■ **Your objective**: The copy must match the data word for word and contain no pictures.

+++ Source data +++

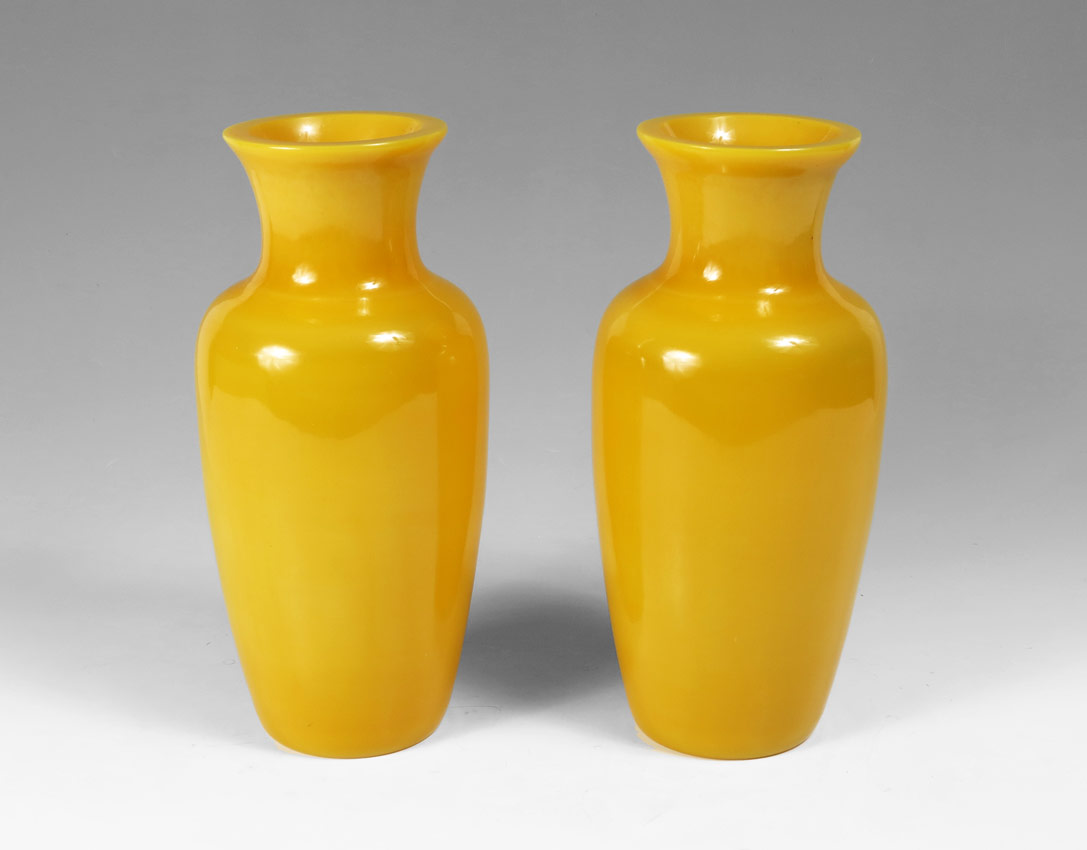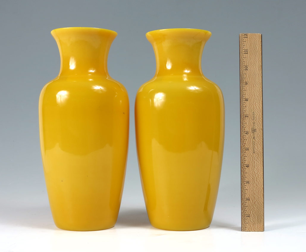 PAIR CHINESE IMPERIAL YELLOW PEKING GLASS VASES: Each in a baluster form, unsigned. 12 1/4'' h. x 5 1/2''.
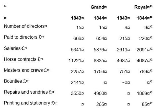 Note that salaries cost considerably more than did the boat crews and that horse contracts, for hauling the boats, were about four times the cost of masters and crew on the Grand and aboout six times that cost on the Royal.
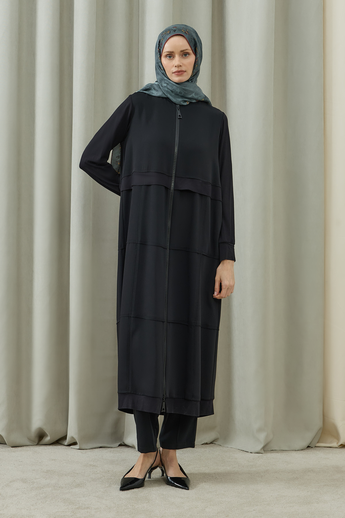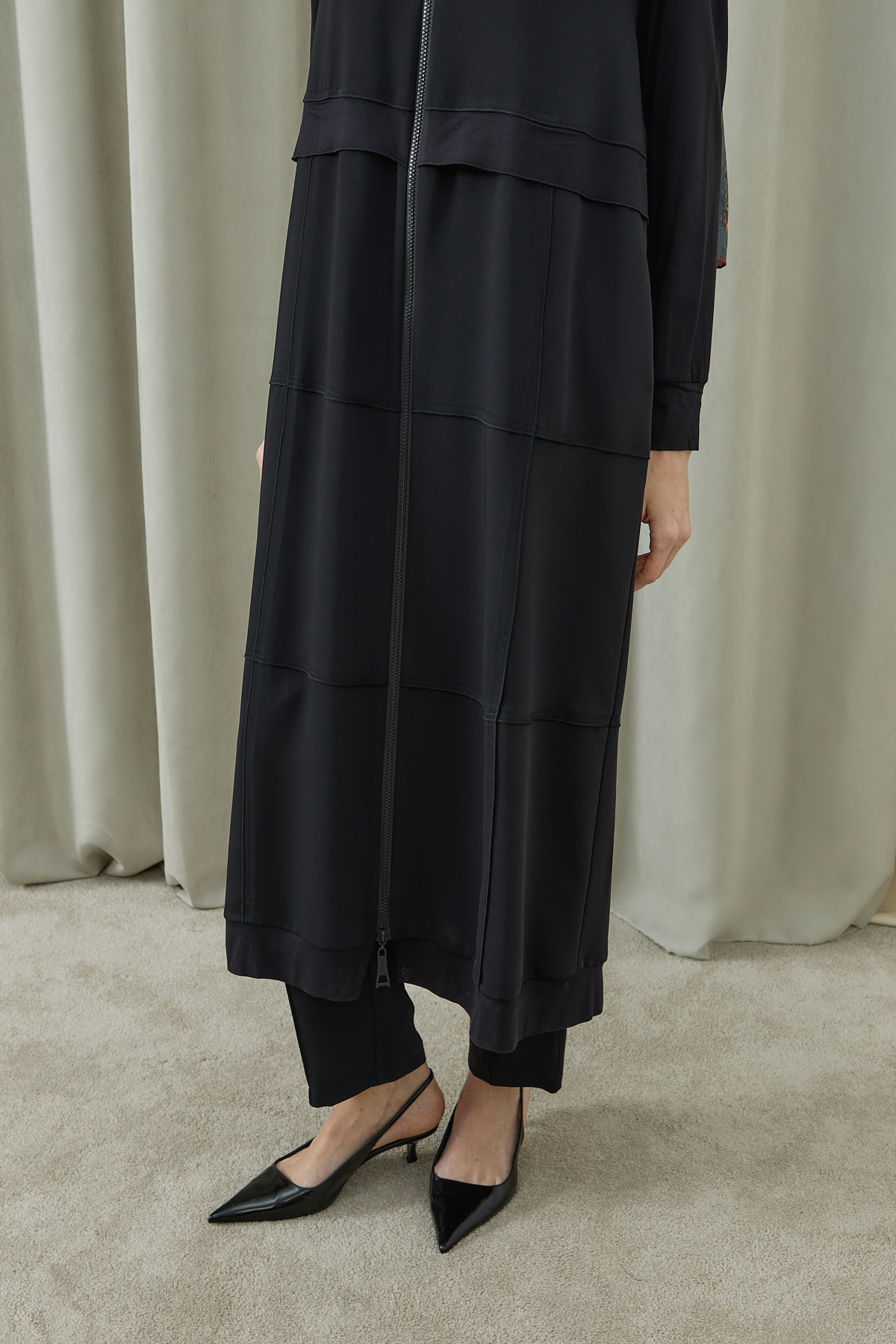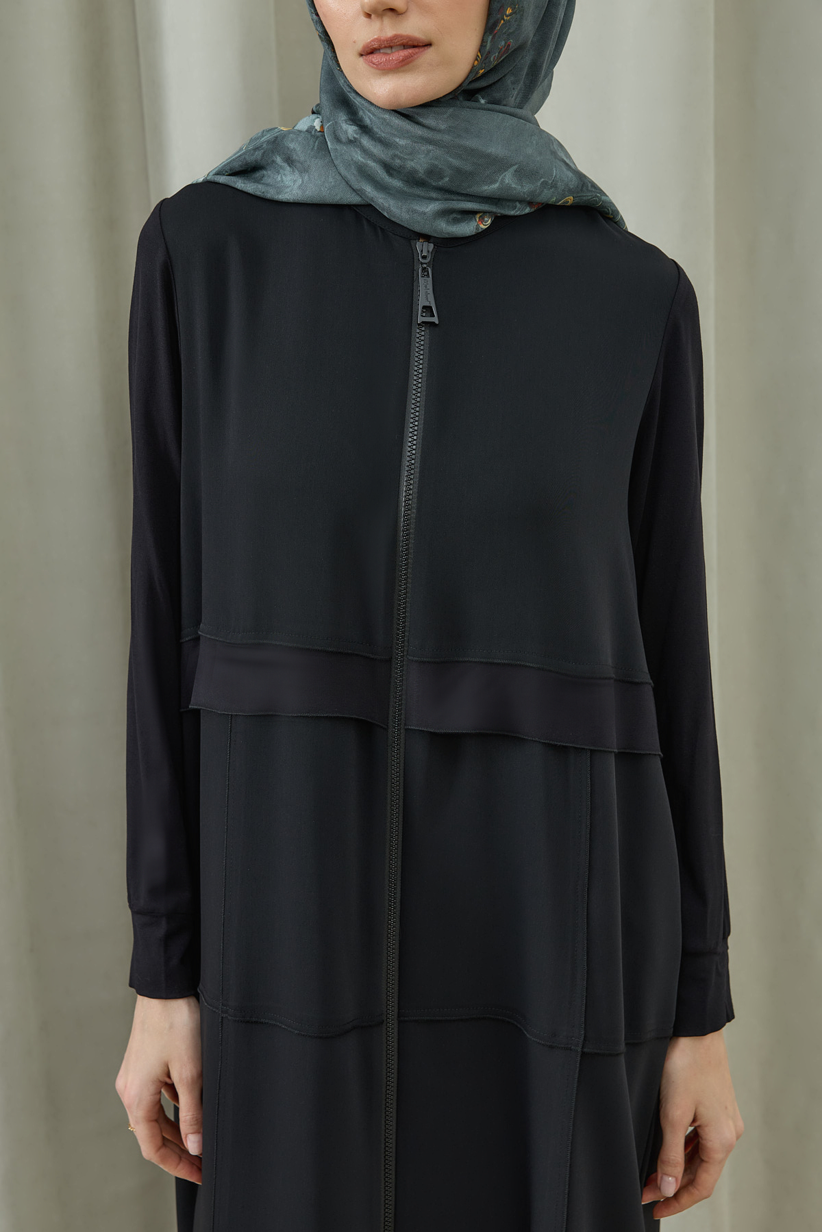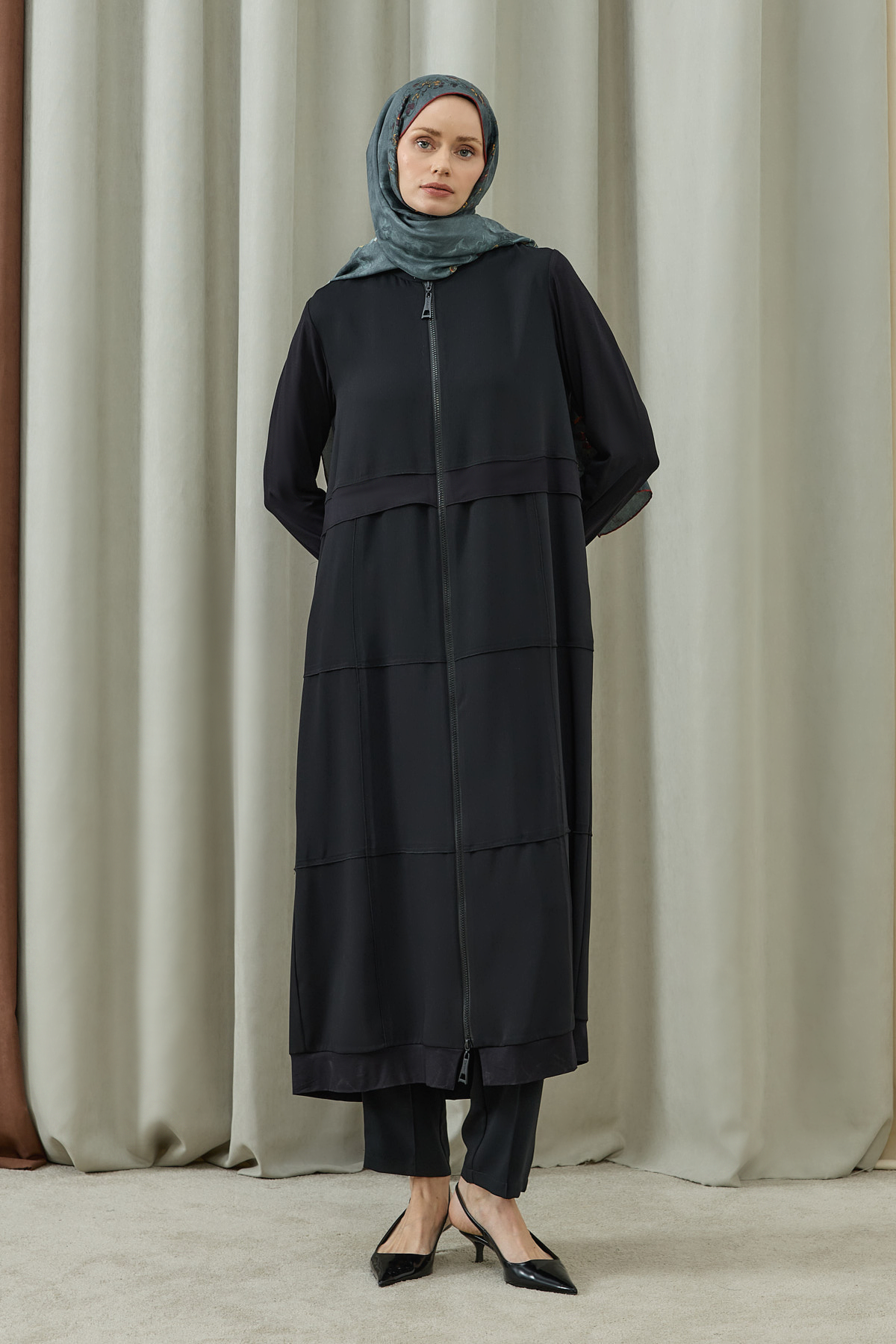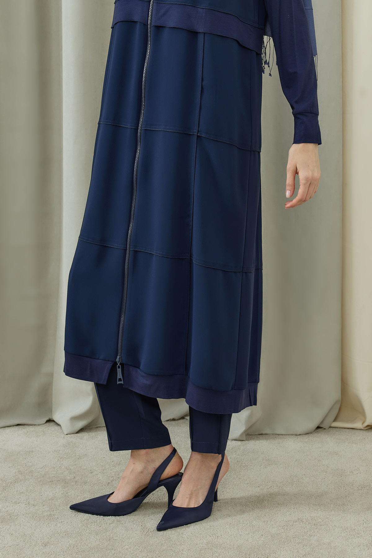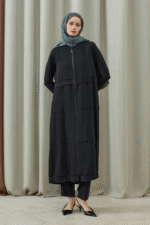 Fermuarlı Kat Kat Biye Detaylı Pardesü

+++

■ **Written solution**:
 PAIR CHINESE IMPERIAL YELLOW PEKING GLASS VASES: Each in a baluster form, unsigned. 12 1/4'' h. x 5 1/2''.
 Note that salaries cost considerably more than did the boat crews and that horse contracts, for hauling the boats, were about four times the cost of masters and crew on the Grand and aboout six times that cost on the Royal.
 Fermuarlı Kat Kat Biye Detaylı Pardesü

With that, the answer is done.